Участвовавший в беседе с Махом Герман Бар это мнение, кажется, подтверждает: «Да, верно, сон под названием Австрия – вот чему мы хотим придать смысл и форму, цвет и звучание»[38]. Но его реплика вносит решающий нюанс: грезы важнее, чем действительность. Австрия, какой она предстает в сновидениях ее поэтов[39], не только не совпадает с обреченной империей, но и не должна с нею совпадать. Последняя не заслуживает внимания художника, потому что она – лишь иллюзия. Истинная же реальность – это Австрия-сновидение, и только она требует своего воплощения в эстетической утопии, тесно соседствующей с родственной ей утопией психоаналитического мифа.
Оптимистический пафос утверждения высшей реальности не чужд и взглядам самого Маха. По мнению ученого, его слова «Я должно погибнуть» не следует понимать как формулу деструкции и отчаяния, ибо они же заключают в себе и признание возможности нового всемирного «Я» с открытыми границами.

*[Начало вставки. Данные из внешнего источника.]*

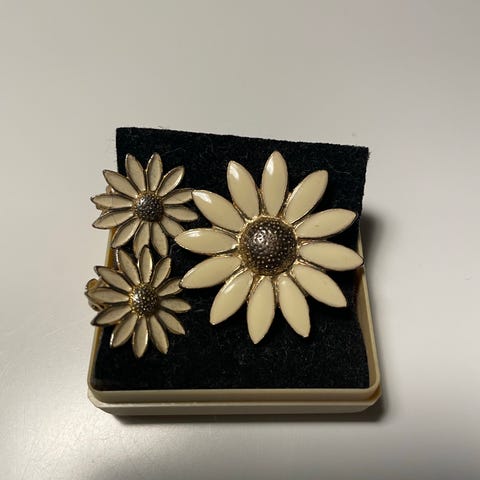 Smykkesæt, bijouteri, Marguerit, Vintage smykkesæt bestående af broche og øreclips med Margueritter i gyldent metal med emalje.

Из философии Маха следовало, что мир (комплекс ощущений) есть либо иллюзия, которую наше сознание принимает за реальность, либо реальность, которую мы подменили иллюзией. Мировоззрение поэтов и художников Вены колеблется между этими вариантами, пробиваясь от деструктивного к конструктивному пониманию махизма. Это необходимо принимать во внимание при оценке австрийского импрессионизма, развивавшегося под воздействием махистской теории и нашедшего в ней свое философское оправдание. «В моде Поль Бурже и Будда», – пишет Гофмансталь в эссе о Д'Аннунцио[40]. Имя Бурже указывает на закон декаданса – распад целого, имя Будды означает противоположную тенденцию, волю к всеединству. Значение венского импрессионизма в том, что он объединяет в себе оба полюса современного сознания, как объединяет их в себе и учение Маха.
В своей декадентской версии импрессионизм раскрывает тему утраты ценностей: мир больше не объективное целое, он распался на бессвязные факты и мелькающие мгновения, которые существуют лишь до тех пор, пока воспринимаются чувствами; его символами выступают игра теней, пляска призраков, карты, маски, театр. «Импрессионистический человек», творец и герой этого мира иллюзий, презирает общество и мораль и не знает другого закона, кроме личной воли и личного счастья. Свободный и одинокий, он исповедует культ своего «Я», только себя самого мнит достойным любви и хочет бездумно скользить по золотым волнам жизни, срывая цветы чувственных и интеллектуальных наслаждений.[41]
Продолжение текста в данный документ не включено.